Moreover, the NIH paper itself tells us that the Parkinson’s study was assuredly not why NIH investigators chose the EEfRT. The real reason was that they were hoping that it would give them an opening to claim that ME patients only believe they cannot exert themselves when they actually can. We know this because the NIH paper’s Supplementary Results (page 9) expressly tell us the investigators’ reason for including the EEfRT testing in the study:
“Alterations in the “sense of effort” have been reported in the literature.”
The citations for that statement are three papers asserting that ME patients suffer from a disturbed or elevated sense of effort:
• “Is the chronic fatigue syndrome best understood as a primary disturbance of the sense of effort?” (citing several papers by Wessely and cognitive-behavioral-therapy and graded-exercise-therapy cheerleader and Wessely soulmate, Sharpe)

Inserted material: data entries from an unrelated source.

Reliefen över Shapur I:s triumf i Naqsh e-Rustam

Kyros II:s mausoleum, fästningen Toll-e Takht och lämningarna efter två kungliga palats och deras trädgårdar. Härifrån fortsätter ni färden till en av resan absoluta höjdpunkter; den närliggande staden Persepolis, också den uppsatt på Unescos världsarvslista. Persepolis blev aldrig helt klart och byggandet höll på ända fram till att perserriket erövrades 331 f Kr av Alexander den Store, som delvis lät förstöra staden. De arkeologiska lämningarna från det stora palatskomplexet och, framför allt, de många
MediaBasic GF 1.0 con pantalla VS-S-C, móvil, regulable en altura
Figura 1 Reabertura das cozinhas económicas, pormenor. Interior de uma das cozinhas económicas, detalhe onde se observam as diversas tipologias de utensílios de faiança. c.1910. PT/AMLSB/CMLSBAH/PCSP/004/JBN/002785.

• “Perception of cognitive performance in patients with chronic fatigue syndrome”
Here are some claims and suggestions from those papers:
• There is no muscle weakness in ME patients.

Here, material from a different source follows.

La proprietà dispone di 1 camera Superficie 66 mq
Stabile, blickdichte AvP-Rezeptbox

• “It has been empirically established that the clinical course of CFS can be modified by cognitive-behavioral therapy … to correct the reduced physical fitness resulting from excessive rest and ‘dysfunctional attitude to exercise'” (citing Sharpe). The authors celebrate that the alleged “benefits [of cognitive-behavioral therapy] continue to accrue after stopping formal treatment.” (Remember that the NIH authors claim that what allegedly defines ME, Effort Preference, is what leads to deconditioning and functional capacity in ME patients.)
• Re-education of ME patients in the area of motor function was suggested. (This gives definite Lightning Process vibes.)
• ME patients suffer from “cognitive distortions” by having an “impossibly high standard of … performance”—both their own performance and what normal performance should look like.
• “[A} nagging sense of insufficiency over what patients feel they should be accomplishing may indeed contribute to an overestimation of exertion and fatigue.”
• “People with ME/CFS and [Fibromyalgia] perceive aerobic exercise as more effortful as healthy adults.”
• “People with ME/CFS and [Fibromyalgia] exhibit elevated [perceived exertion] during exercise.”
These psycho-babble papers, which align perfectly with documented beliefs of NIH’s biopsychosocial disciples, are what inspired the NIH investigators, by their own admission in the paper, to test ME patients’ effort exertion. As you can see, there is no mention of a correlation between neurotransmitters and effort. Madian seems to have used the Parkinson’s study as a fig leaf after the fact for the utterly indefensible decision to use the EEfRT in the intramural study and to declare a dysfunctional perception of patients’ ability to exert a defining feature of ME.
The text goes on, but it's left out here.